The Mean Median

Median is not a very good choice for time sync because when the values converge closely, small random variations make it less stable.

The most dramatic case is when the central node drifts a little, but not enough to change its position in the median array: it then can drag the whole network with it since everybody uses its value as the new network time.

What we want is something like a mean; something that integrates over a large number of votes. But the mean has its own problem: outliers (either honest or malicious) can skew the network time and/or make it fluctuate significantly.

It would be nice to have something that behaves like a median when the values are far apart, but like a mean when they converge close together.

Enter the “Mean Median” :) I haven’t read about it before, so I will assume I just invented it :)

Here’s how it should be calculated:

1. Find the median of the data set.
2. Cap all the values at some distance from it (in the picture above it’s +-200).
3. Calculate the mean.

You can immediately see that when all the values are outside of the core range it behaves exactly like the median.
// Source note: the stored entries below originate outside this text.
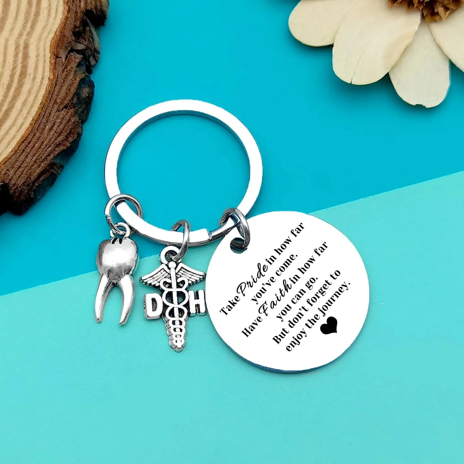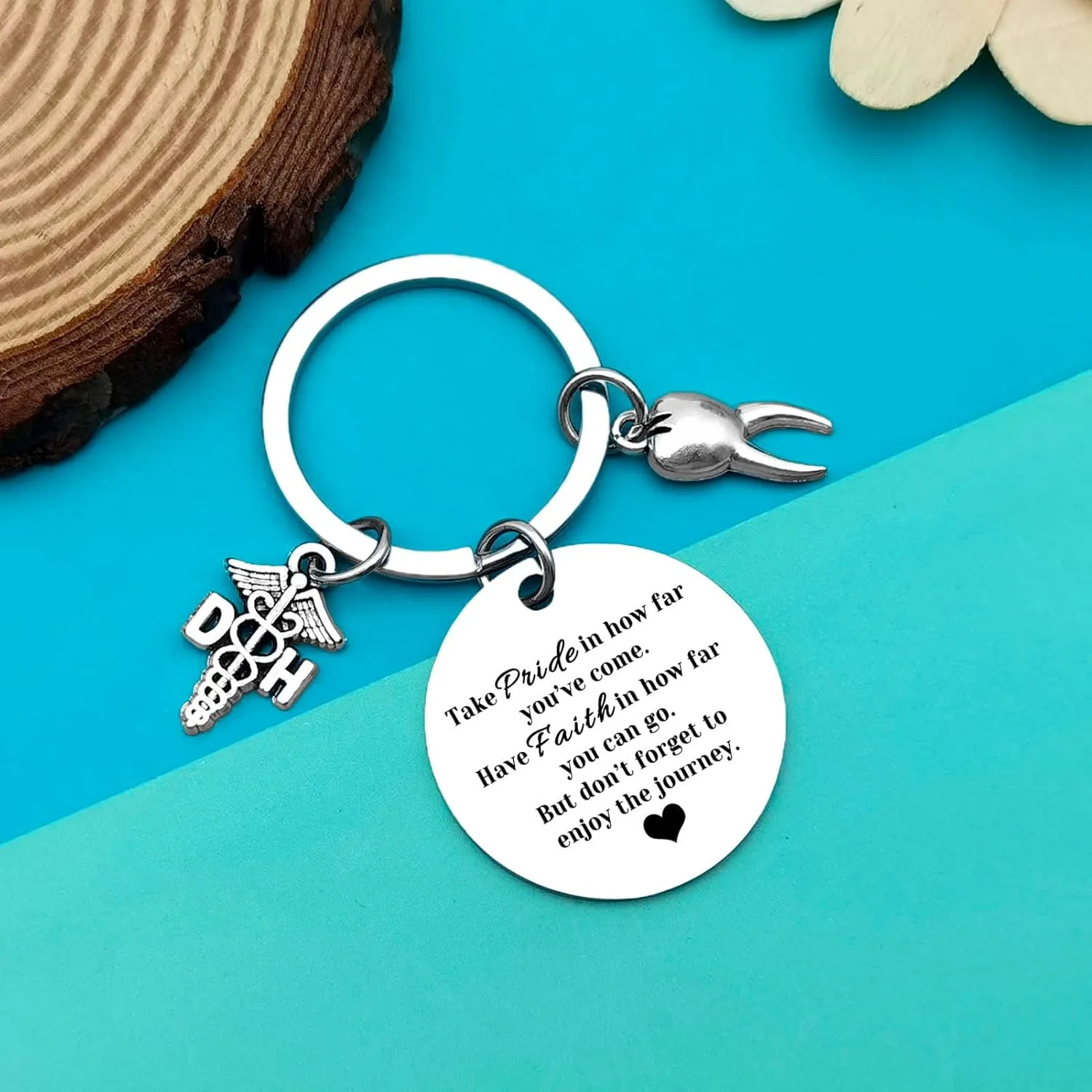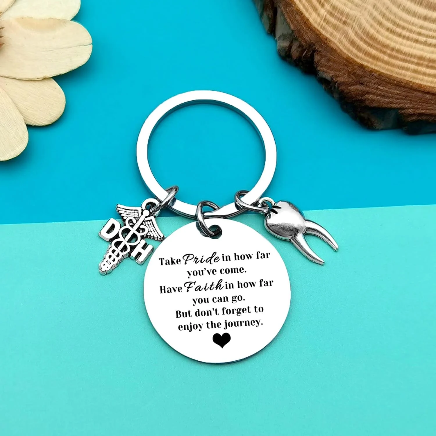 Looking for the perfect inspirational gift for a dental hygienist, dentist, or dental student? This beautifully crafted keychain is an ideal choice! Featuring the uplifting message: “Take pride in how far you’ve come. Have faith in how far you can go. But don’t forget to enjoy the journey”, it serves as a constant reminder of their dedication and hard work. This makes it a thoughtful present for dental school students embarking on their career, experienced professionals in dental practices, or anyone passionate about oral healthcare. Whether it’s a dentist graduation gift, a token of appreciation for a dental assistant, or a special present for an orthodontist, this keychain is sure to be cherished. Suitable for future dental hygienists, dental professors, dental graduates, and all dental office staff. It’s a versatile gift option perfect for graduations, birthdays, anniversaries, Christmas, Thanksgiving, Valentine’s Day, New Year celebrations, or simply to show your appreciation. Made from durable stainless steel, this keychain is designed to last, symbolizing the enduring value of their profession. Each keychain comes with a free velvet pouch, making it ready for gifting and ensuring a memorable presentation. Give the gift of encouragement and inspiration with this timeless dental profession keepsake. This is more than just a keychain; it’s a daily reminder of their value and impact on the lives of others, celebrating their commitment to oral health. It is hypoallergenic and will not tarnish. A Perfect graduation and birthday gift for Dental Hygienist, dentist, dental assistant, dental technician for birthday or just because.
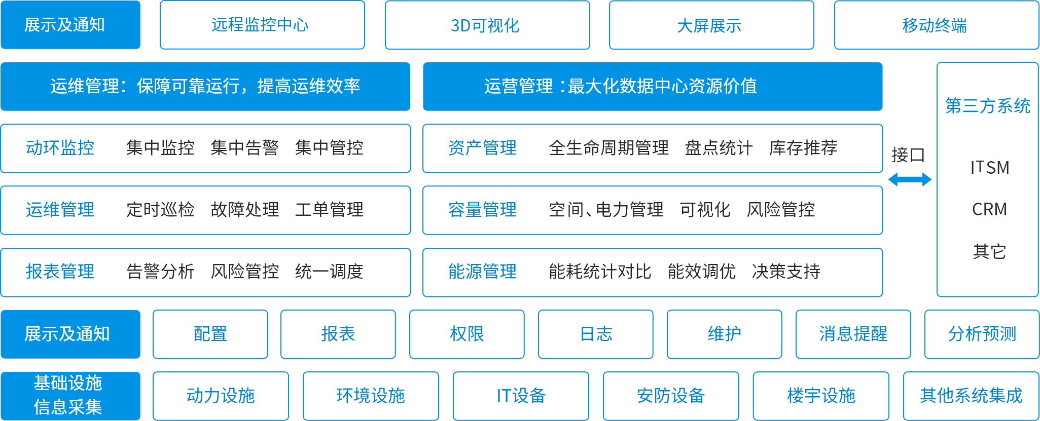 DCIM基礎(chǔ)設(shè)施管理系統(tǒng)通過統(tǒng)一的操作平臺(tái)和統(tǒng)一的通信平臺(tái),構(gòu)建“信息、資源"綜合監(jiān)控管理體系。系統(tǒng)融合基礎(chǔ)設(shè)施監(jiān)控、資產(chǎn)管理、容量管理、能效管理、運(yùn)維管理、三維可視化等豐富的管理功能,幫助數(shù)據(jù)中心管理者全面掌握基礎(chǔ)設(shè)施整體運(yùn)行情況,提高數(shù)據(jù)中心資源利用率和管理效率。
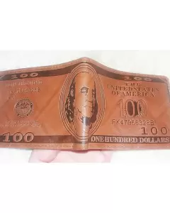 Bonita cartera tipo piel con forma de billete de 100 dólares, color cafe claro, para la suerte!Cuenta con 10 compartimentos
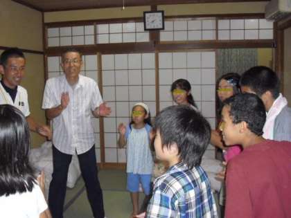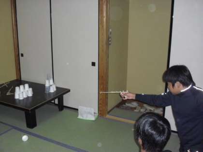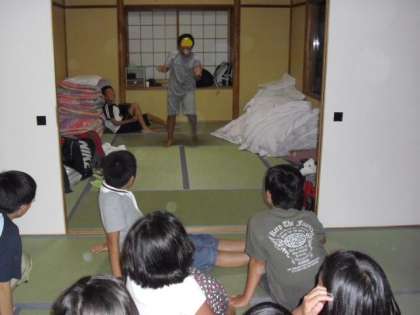 夜のお楽しみは室内レクです。それぞれの部屋で出し物をします。ゲームあり、クイズあり、劇ありと、とても盛り上がっていました。

But once more and more values start to converge and fall within the core range it starts behaving like the mean.

The core range should be big enough to cover any random variations and measurement errors, but no bigger.

There is a similar technique called “winsorizing". The problem is that it uses arbitrary criteria (like Nth percentile) to cap the values.

I believe that for our purposes the mean median will be a lot better.

Now just need to test it.